We examined data for all participants who completed the acute phase protocol and received an ADRC diagnosis (N=153) post-intervention. We divided participants into three groups, based on diagnosis: no cognitive disorder, MCI, and dementia. To maximize statistical power, participants with all MCI subtypes were grouped together. Categorical characteristics of the groups were summarized using means and percentages, and differences across groups were tested using chi-square tests, or its exact version when appropriate. Continuous variables were summarized using means and standard deviations or medians and quartiles, and differences across groups were tested using F-test (for normally distributed data) or Kruskal-Wallis test (for non-normally distributed data). For each cognitive group, we calculated the proportion of participants who required first, second, or third step treatment to respond, and the proportion requiring concurrent benzodiazepines. These proportions were compared using chi-square tests, or Fisher’s exact test when appropriate. Length of time to response was summarized using means and standard deviations, and compared across the groups using F-test through an analysis of variance model. Using linear mixed effect modeling, we analyzed weekly HRSD-17 scores, to explore changes over time across the groups.

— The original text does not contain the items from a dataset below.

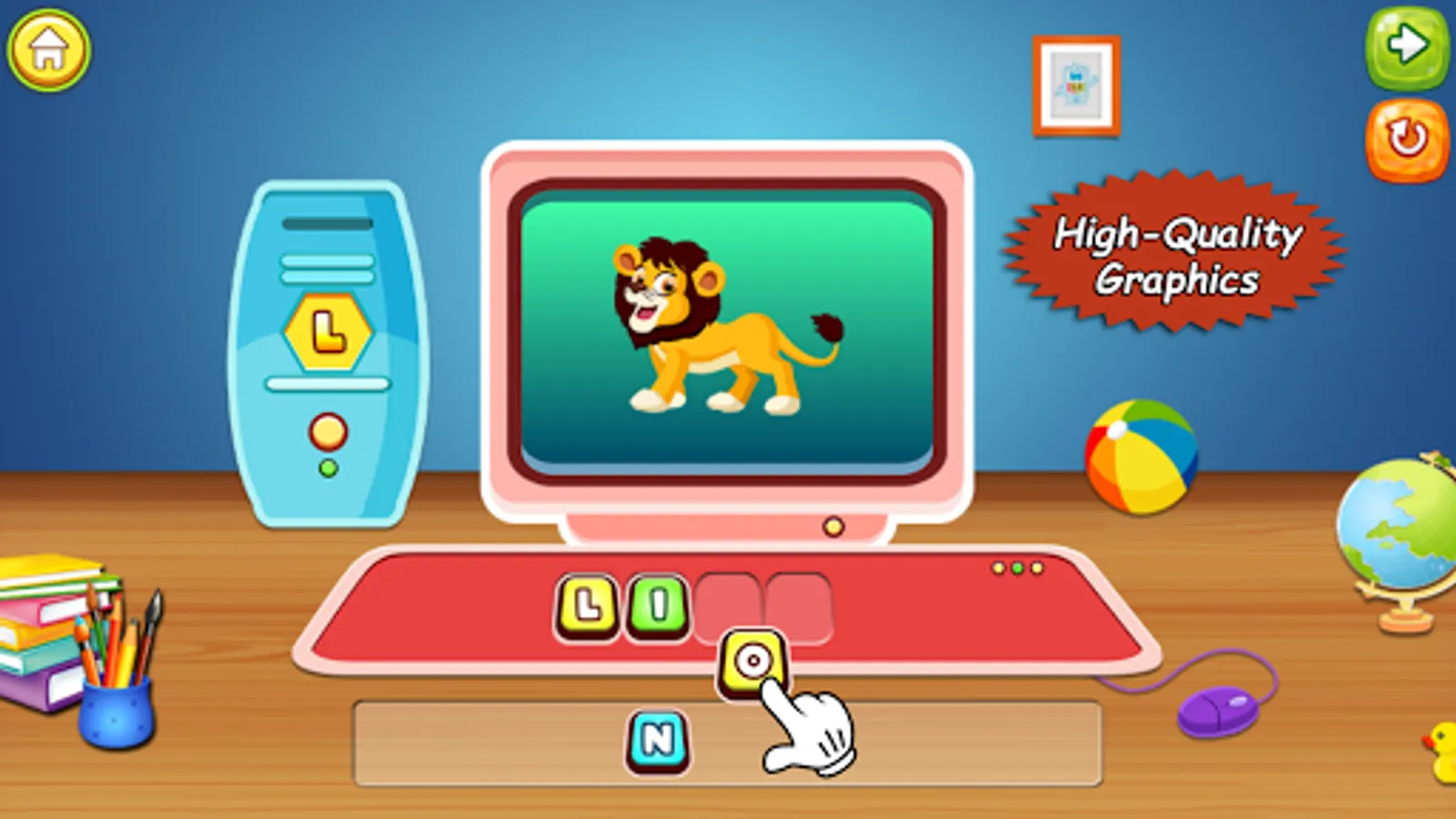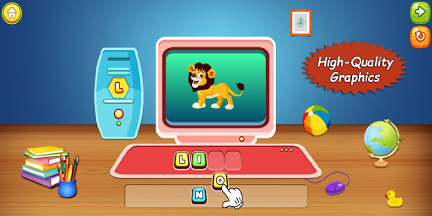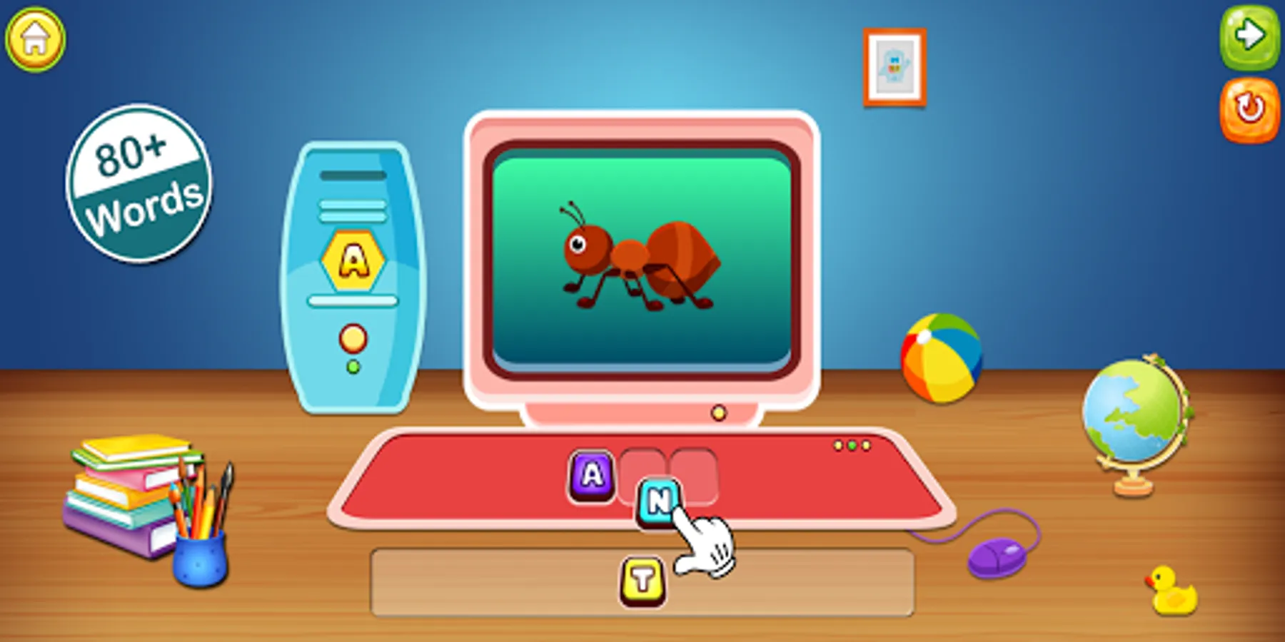 This educational spelling game allows young kids to develop, improve, and practice their spelling skills, build their vocabulary, and learn new words!
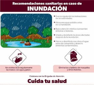 Las recomendaciones que estas brigadas emiten a la población son necesarias para que las familias que sufrieron encharcamientos, esperen a que baje el agua de lluvia del interior de sus hogares, y una vez que esto ocurra, laven pisos y paredes con jabón y cloro, antes de volverla a habitar, y hacer lo mismo con los enceres domésticos y trastes antes de utilizarlos para preparar alimentos, a efecto de evitar las infecciones gastrointestinales.
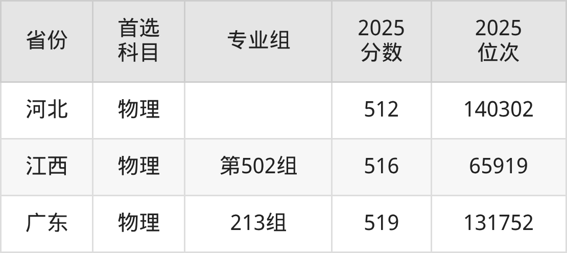 物理类最低分对应地区为黑龙江(第008组),录取位次为54591,超本科线78分;最高分对应地区为广东(213组),录取位次为131752,超本科线83分。
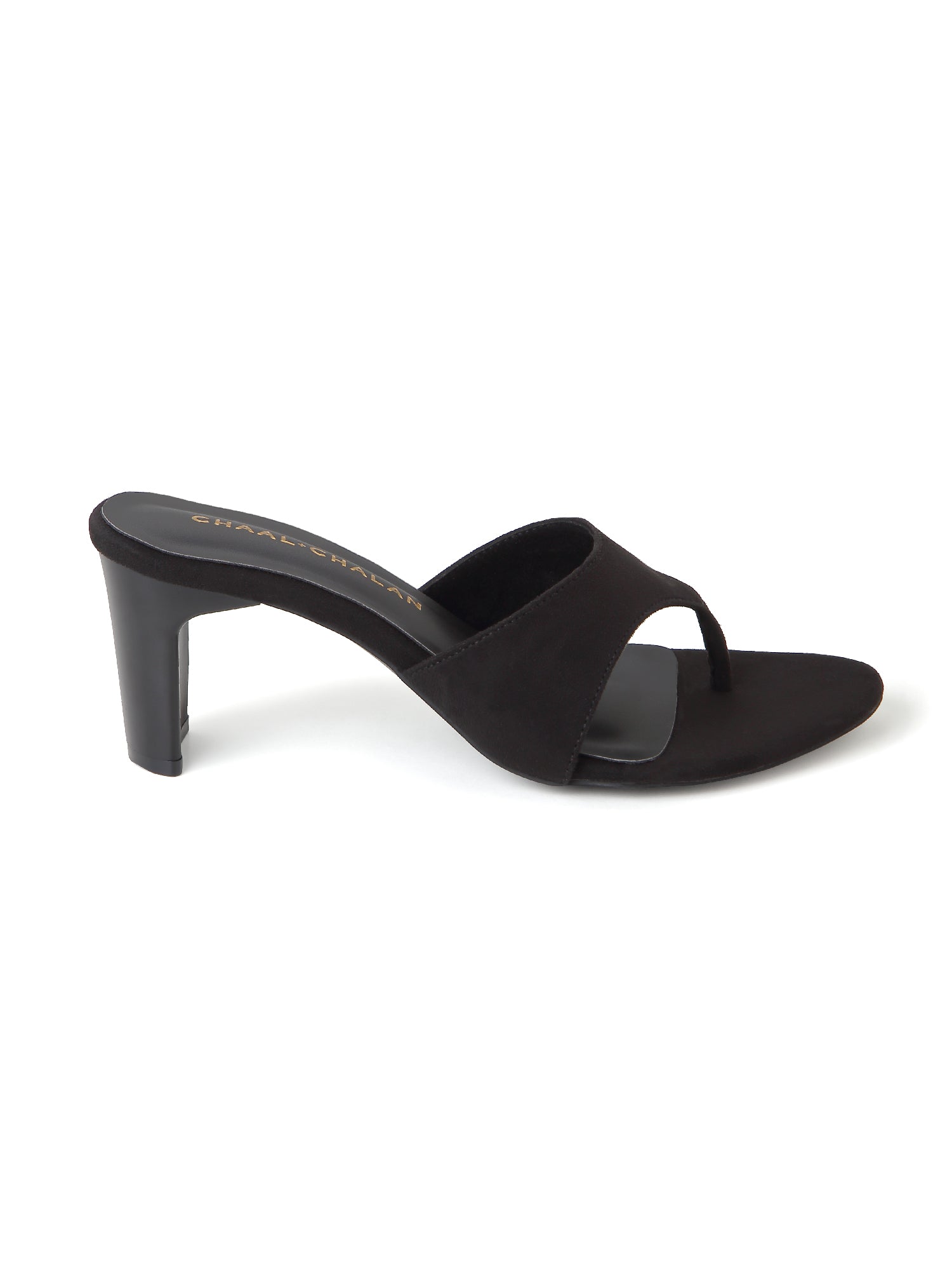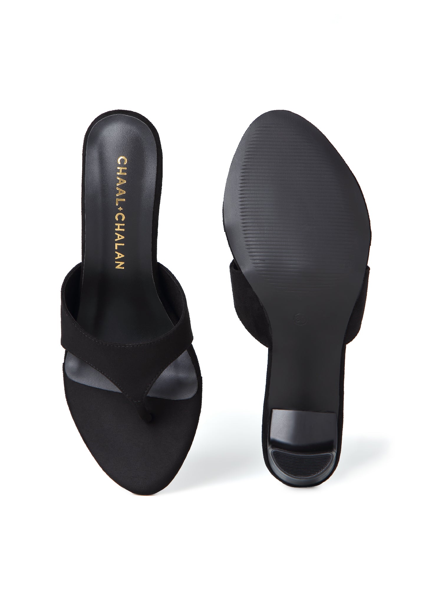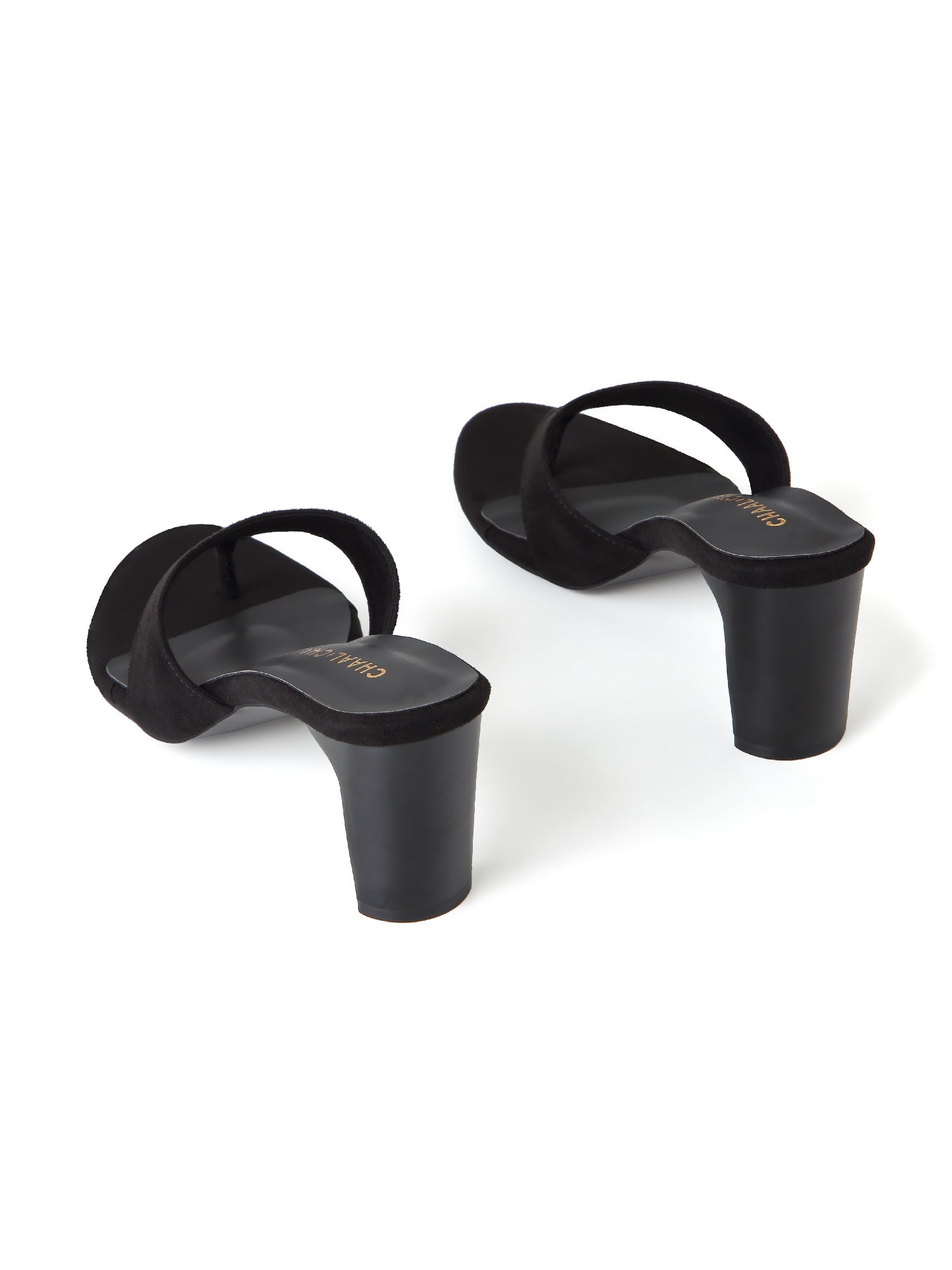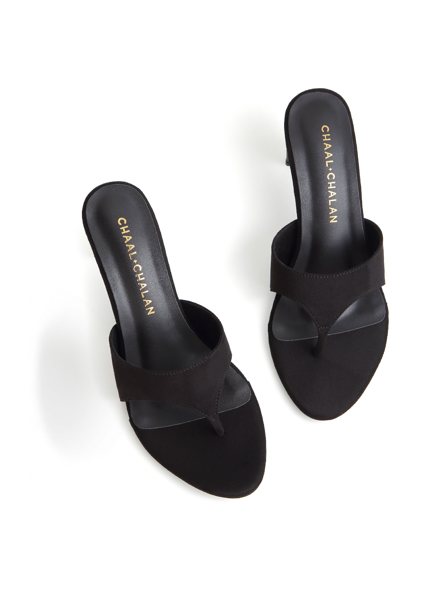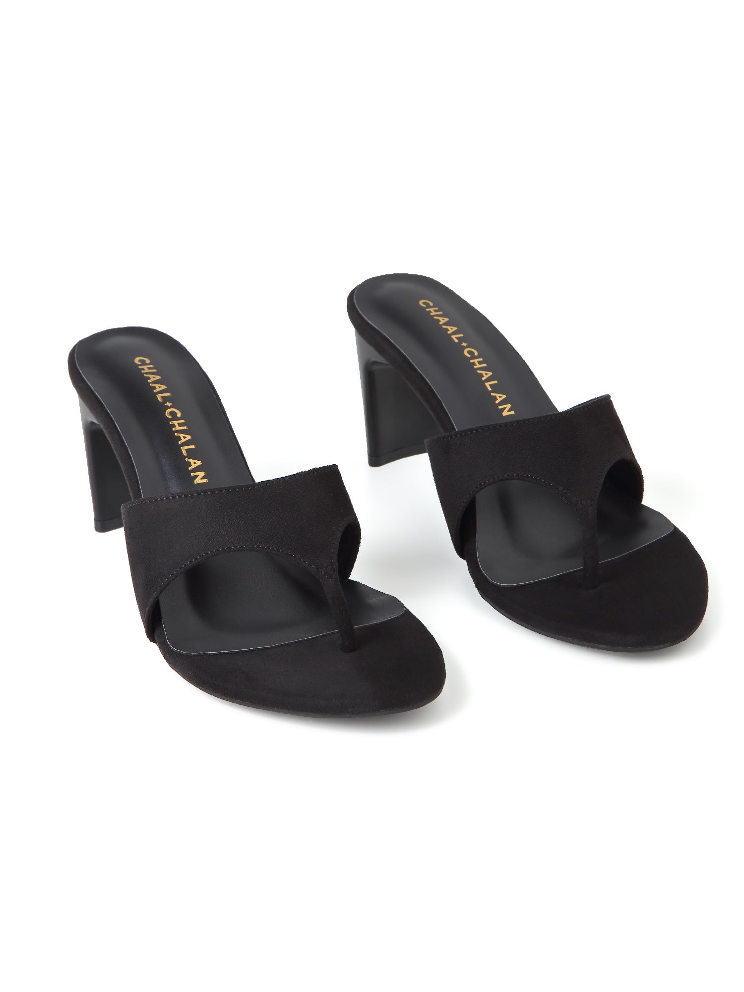 Elevate your look with this minimalist yet polished slide sandal featuring a slender toe-post design and a smooth black velvet upper that transitions into a subtle mid-heel for an elegant silhouette. The open-toe layout and clean lines offer an effortless slip-on experience, while the gently curved heel provides a refined lift without sacrificing comfort.

Next, we built a multivariable ordinal logistic regression model, using backward elimination method, to control for variables (such as baseline demographic factors) that might explain the relationship between cognitive status and level of treatment required to respond; the outcome of the logistic regression model was defined as the level of treatment required to achieve response. Candidate variables were chosen through univariable analyses, and predictors with p < 0.25 were considered for entry into the multivariable model. Variables with higher p-values were sequentially eliminated, until all variables reached a significance cut-off of 0.05. At this point, interactions between predictors were included, one at a time, and tested for significance.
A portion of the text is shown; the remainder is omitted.